= Allowance for Loan and Lease Losses =

US accounting standard

In banking, the Allowance for Loan and Lease Losses (ALLL), formerly known as the reserve for bad debts, is a calculated reserve that financial institutions establish in relation to the estimated credit risk within the institution's assets. This credit risk represents the charge-offs that will most likely be realized against an institution's operating income as of the financial statement end date. This reserve reduces the book value of the institution's loans and leases to the amount that the institution reasonably expects to collect.

The higher the estimated risk of uncollectable assets in the portfolio, the larger the ALLL reserve should be. The allowance is a topic of much regulatory scrutiny, and a review of the ALLL methodology is a significant portion of a financial institution's safety and soundness exam because it is important for federal bank examiners to ensure that an institution has a sufficient amount of capital in the allowance reserve. The allowance is also significant to bank management and directors as it has a large impact on an institution's earnings and capital.

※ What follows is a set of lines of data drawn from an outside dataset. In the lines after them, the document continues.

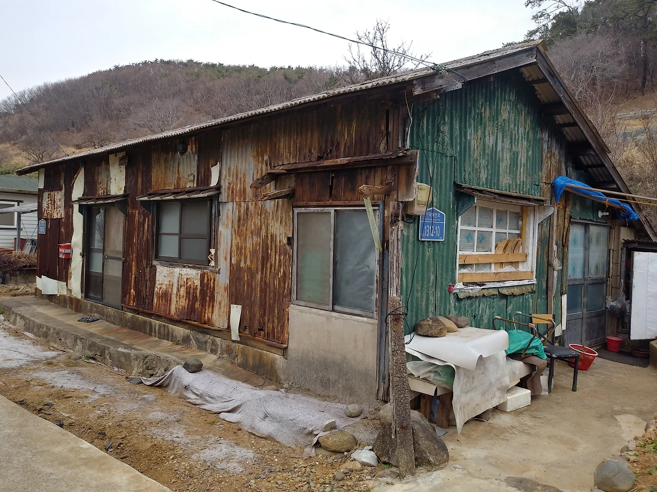 동네로 들어서면 옆으로 길쭉한 건물을 만난다. 누가 봐도 군 막사다. 그런데 여러 가구가 사는 것 같다. 건물 벽 창문가에 키가 달려 있다. 곡식을 까불러 쭉정이나 티끌을 골라내는 도구로 요즘은 보기 힘들다. 아이들이 잠자다 오줌을 싸면 옆집에 소금 얻으러 다니는 벌을 받는데, 이것을 뒤집어쓰고 다녔다.
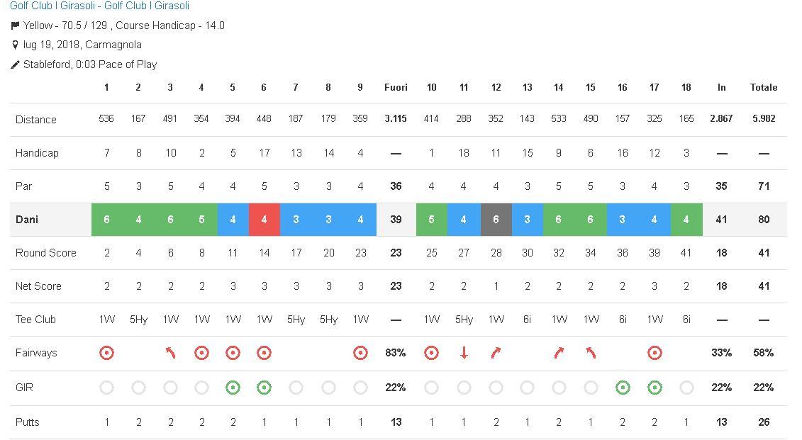 Chiudo in 80 colpi, con un solo doppio bogey e senza X; 41 punti netto, 27 lordo. 7 fairway su 12 (5/6 nelle prime 9), 4 GIR, 26 put.
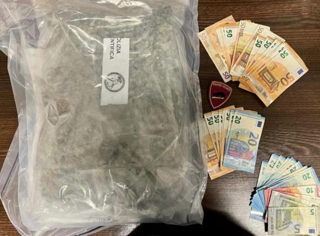 Sia la marijuana che i soldi sono ritenute probabile provento dell' attività illecita e sottoposte al vincolo di sequestro. Il giovane è stato accompagnato in Questura e successivamente arrestato per il reato di detenzione ai fini di spaccio di sostanze stupefacenti e associato presso la locale Casa Circondariale, a disposizione dell' Autorità Giudiziaria.
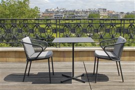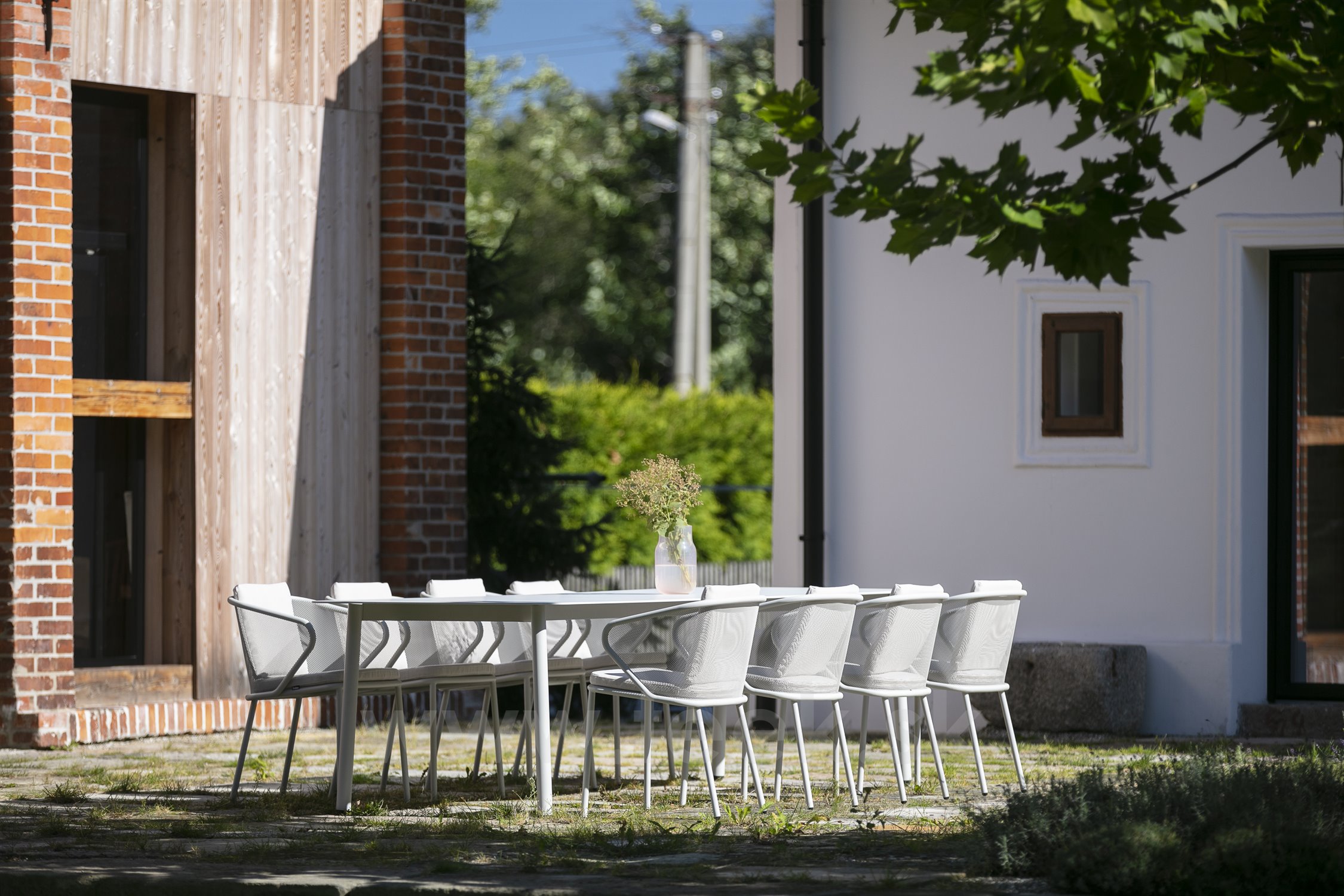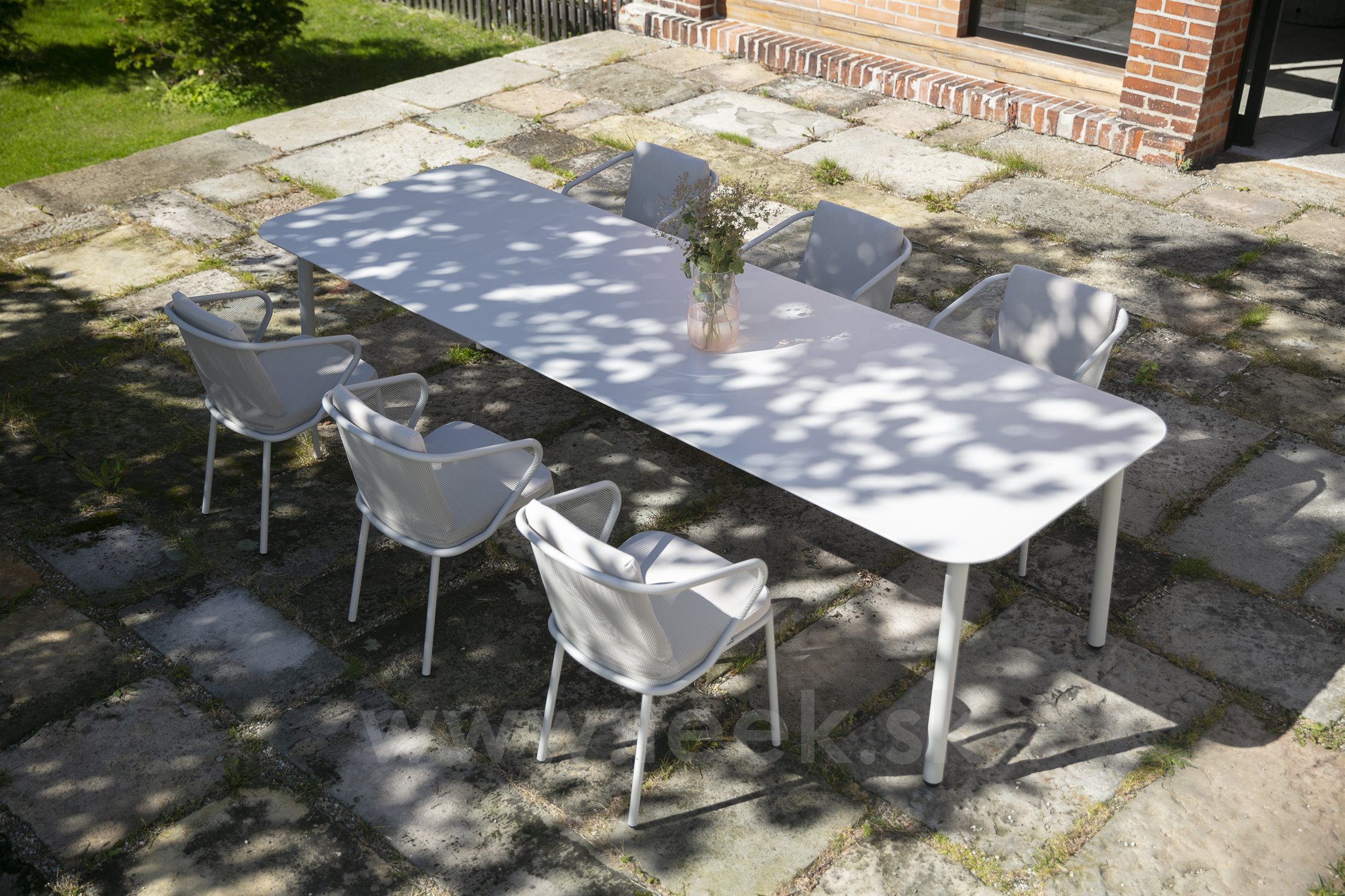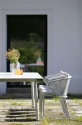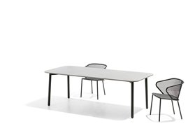 Garden furniture Condor by Todus. Construction in painted stainless steel, HPL table tops or ceramic. The collection includes a dining chair and garden tables in various sizes.
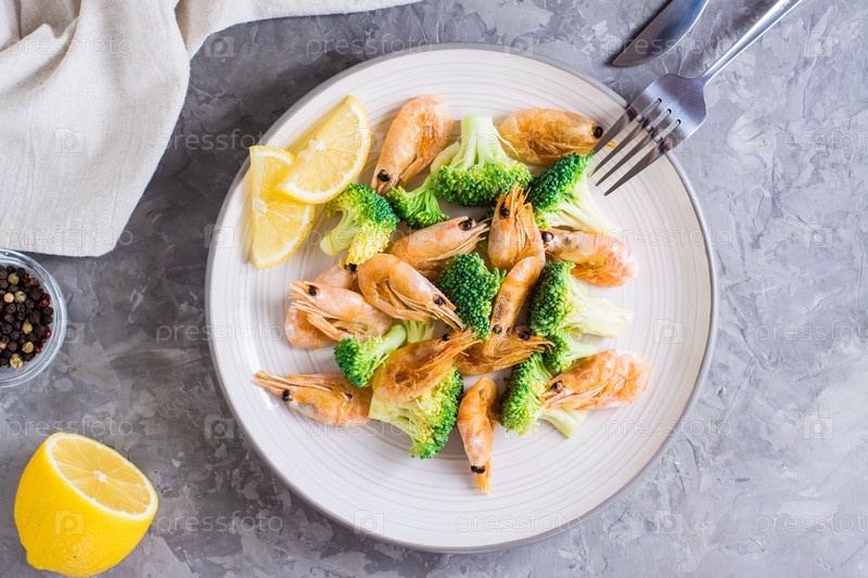 Жареные брокколи и креветки на тарелке на столе. Вид сверху. Крупный план
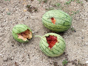ら、昨日でしたか…「あのスイカの二つに、穴をあけられていた…」と嫁さん。
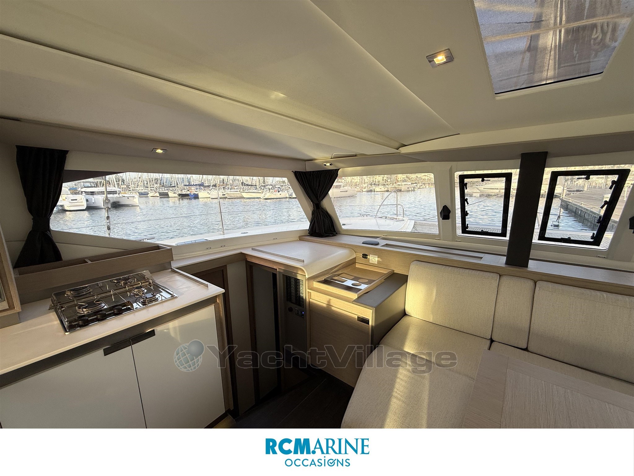 - Espaces de vie bien agencés, grande sensation d’ouverture sur l’extérieur, circulation fluide entre cockpit et carré.
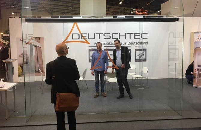 En la pasada exhibición de sistemas para puertas automáticas FensterBAU Frontale en Núremberg, Alemania; Deutschtec presentó, a los profesionales del sector, el novedoso modelo Airdrive NG 68, el cual encantó a todos, por su delgado perfil de tan sólo 68 mm. Ver vídeo a pie de la noticia.
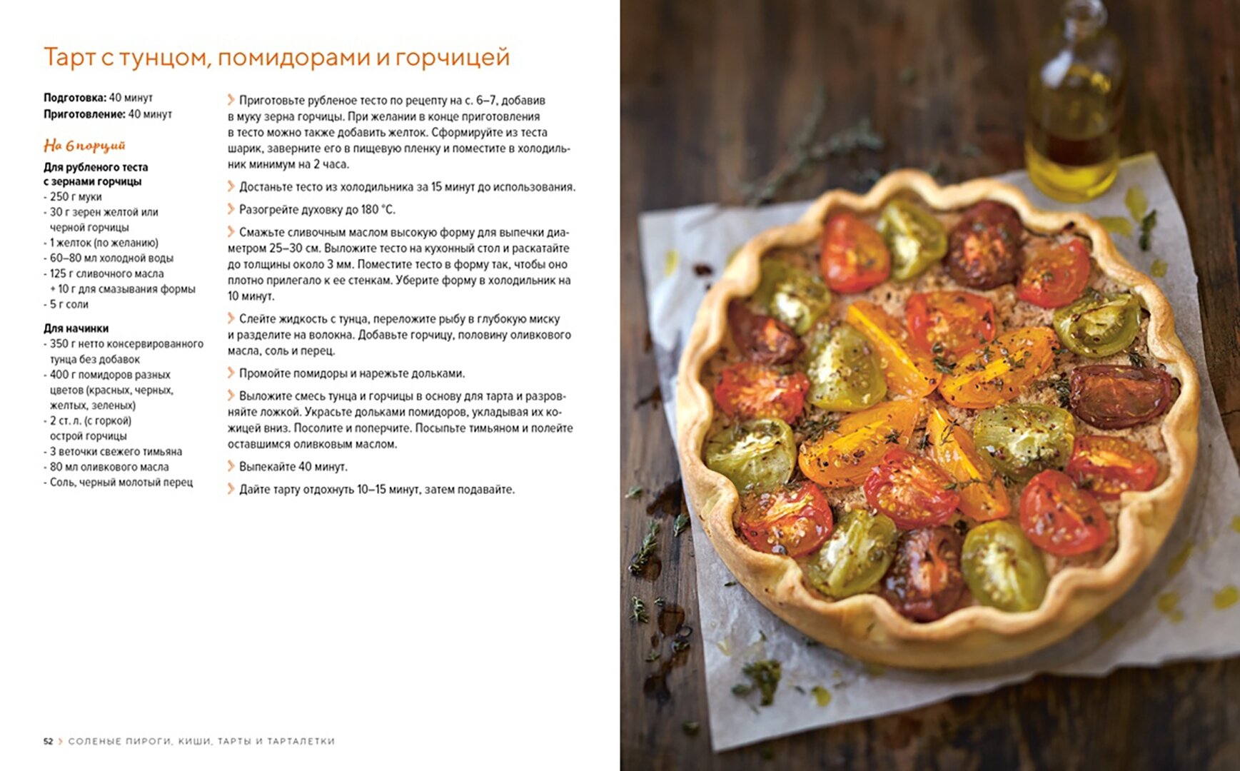 Что может быть лучшим украшением стола, чем свежеиспеченный пирог? Представляем коллекцию классических и оригинальных рецептов соленых и сладких пирогов, тартов, кишей и тарталеток, которые откроют вам настоящее богатство вкуса. Пирог с сыром конте, ветчиной и пряными травами, тарт с луком конфи, кедровыми орехами и карри, плетеный пирог с курицей, нежный тарт с медом и грецкими орехами, зеркальный тарт с шоколадом и карамелизированным арахисом, плетеный пирог с вареньем из инжира и обжаренным миндалем... Здесь вы найдете не только рецепты вкуснейшей выпечки, но и техники, полезные советы и варианты наполнителей для теста. И конечно же мы поможем вам подобрать напиток к каждому пирогу и тарту!
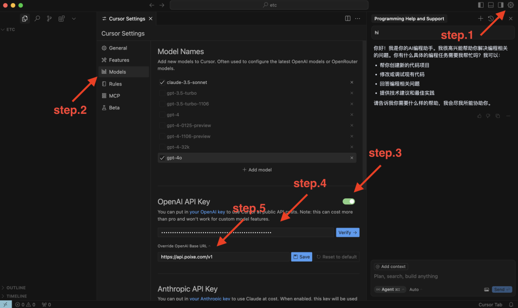 • 2. 如何在 Cursor 中接入 PoixeAI API
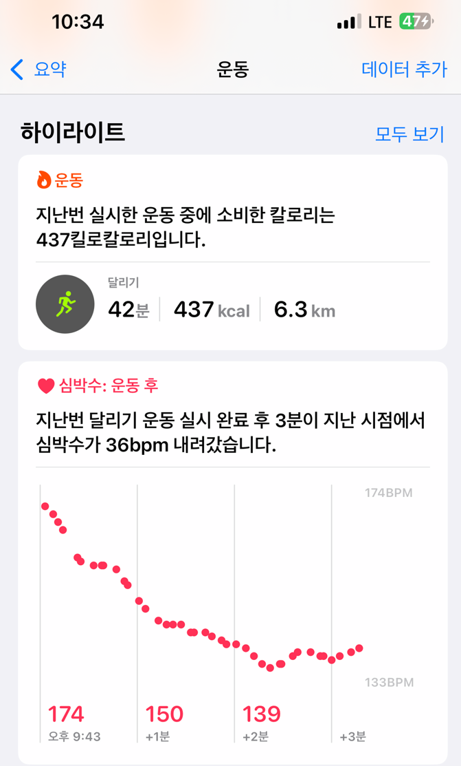 더 달리고 싶었으나(체력도 괜찮았기에) 무릎 바깥 부분이 찌릿찌릿해지는 바람에 달리기를 멈췄다.
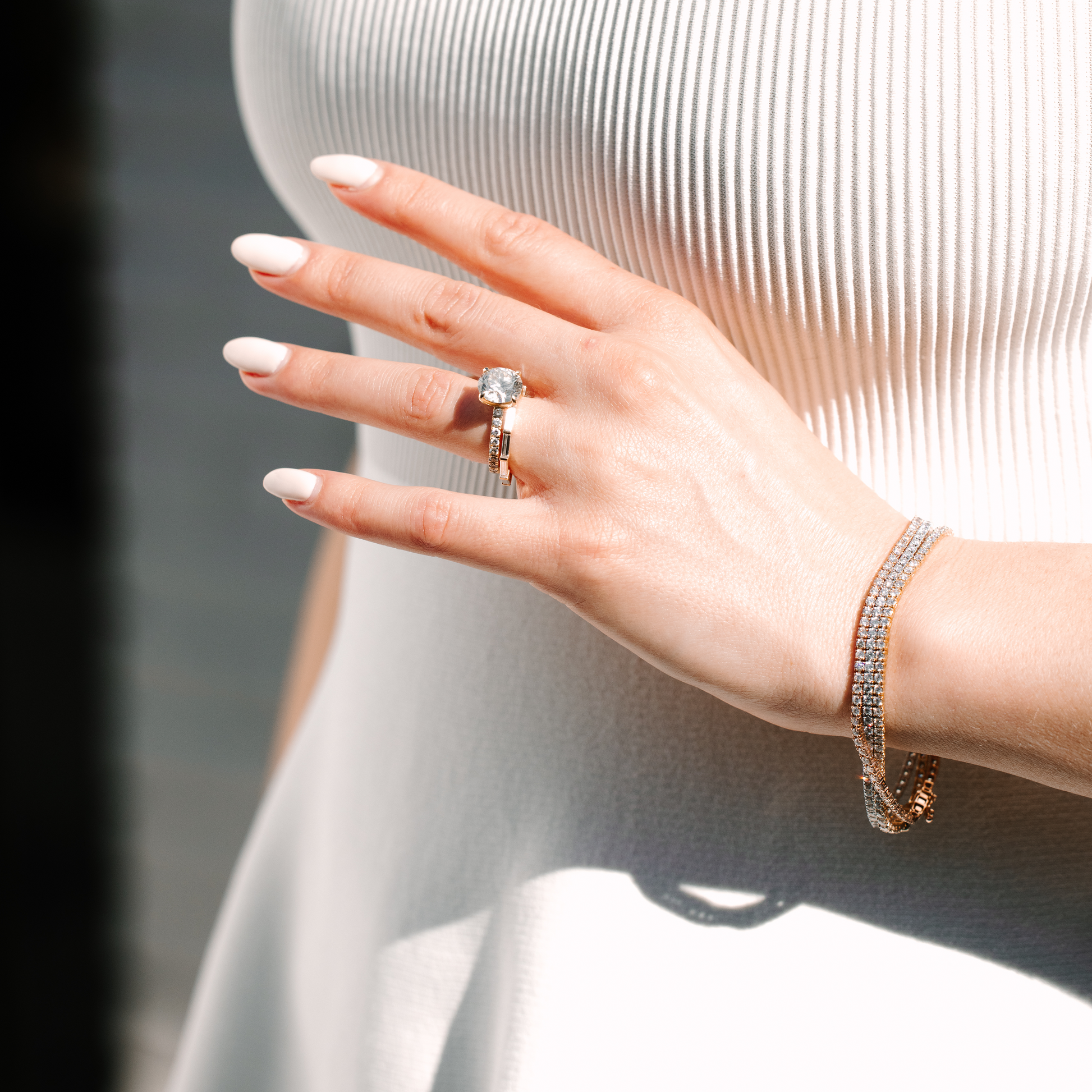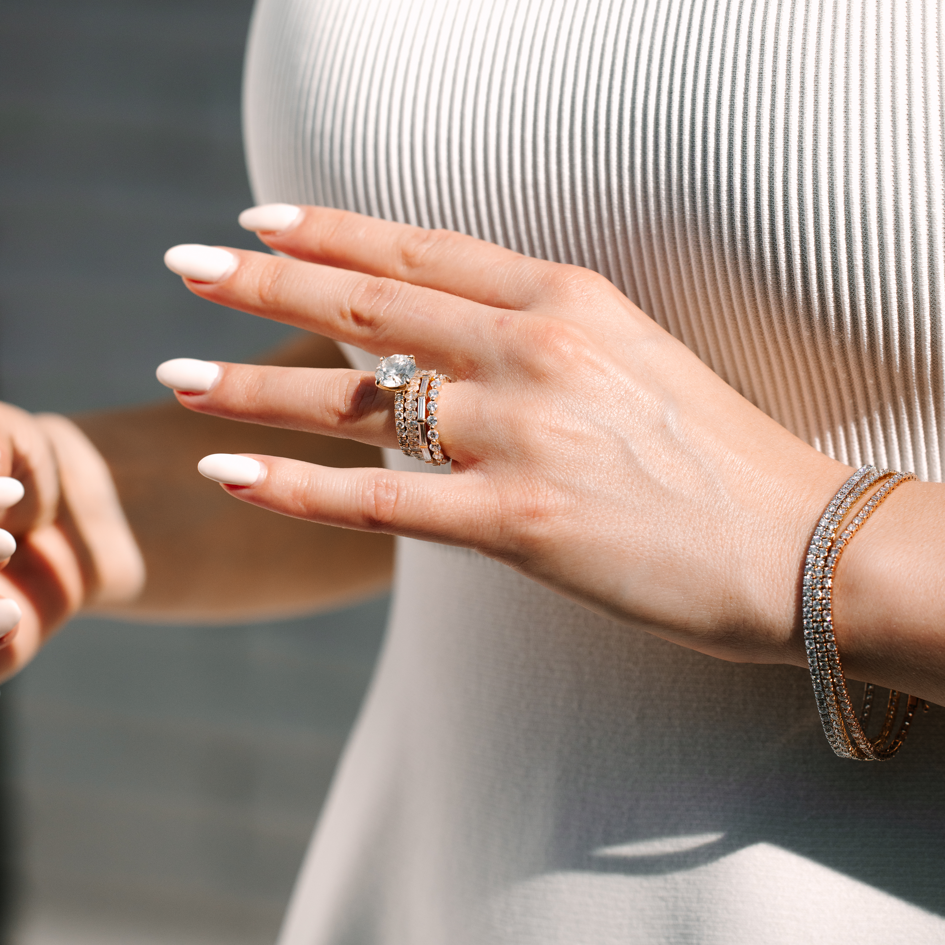 Unless specified otherwise, we use VS clarity for step cuts (emerald, baguette, asscher) and SI1-VS2 clarity for brilliant cuts (all other shapes). G-H color is used, or we can match the color to your engagement ring. When sourcing other clarities and colors, pricing may need to be adjusted.
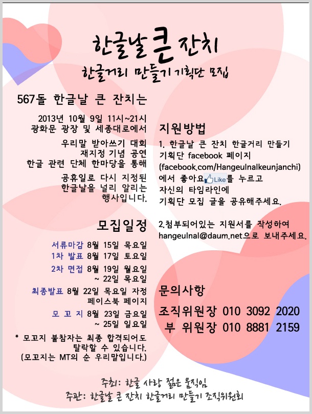 - 페이스북 페이지 댓글이나 한글날 큰 잔치 네이버 카페에 공유한 내용을 알려주시면 됩니다.
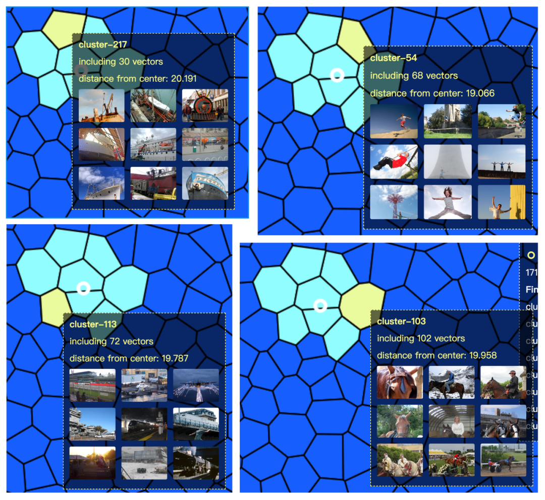 如上图所示,我们将不同的聚类使用不同的颜色来进行区分,可以观察到这些聚类中的向量的具体空间分布。其中,每个向量节点距离中心的距离映射了该向量与我们要检索的目标向量的实际距离。

An important regulatory statement describing the ALLL is the 2006 Interagency Policy Statement, jointly issued by the Office of the Comptroller of the Currency (OCC), the Board of Governors of the Federal Reserve System, the Federal Deposit Insurance Corporation (FDIC), the National Credit Union Administration (NCUA) and the Office of Thrift Supervision (OTS). In this statement, the regulators label the ALLL as one of the most significant estimates in an institution's financial statements and regulatory reports, and they advise:

“Because of its significance, each institution has a responsibility for developing, maintaining, and documenting a comprehensive, systematic, and consistently applied process for determining the amounts of the ALLL and the provision for loan and lease losses (PLLL). To fulfill this responsibility, each institution should ensure controls are in place to consistently determine the ALLL in accordance with GAAP, the institution’s stated policies and procedures, management’s best judgment and relevant supervisory guidance.”

==Frequency of review==

The allowance for loan and lease losses is calculated by a financial institution at the end of each quarter or more often if it is justified by the institution's loan review process or an analysis of loan performance.

==Methodology==

The methodology that a financial institution uses to estimate its reserve is influenced by the size of the institution, organizational structure, business strategies, loan portfolio makeup, loan analysis and administration policies, and management information systems. The variability in how a financial institution can the reserve can lead to challenges in estimating the ALLL, inconsistencies in how it is calculated over time, or confusion when presenting the reserve to the financial institution's board or examiners.

==Common challenges==

Some of the general challenges that financial institutions face with regards to the ALLL estimation include the manual, time-intensive nature of the reserve estimation process each month or quarter; producing adequate documentation and disclosures; incorporating new accounting standards and regulations released by FASB and federal regulatory bodies, and increased scrutiny on the assumptions used to determine the ASC 450-20 and ASC 310-10-35 reserves.

The Financial Accounting Standards Board (FASB) has announced plans to change the way banks account for the impairment of assets in the ALLL. The final ruling, the Current Expected Credit Losses (CECL) model, was released in June 2016.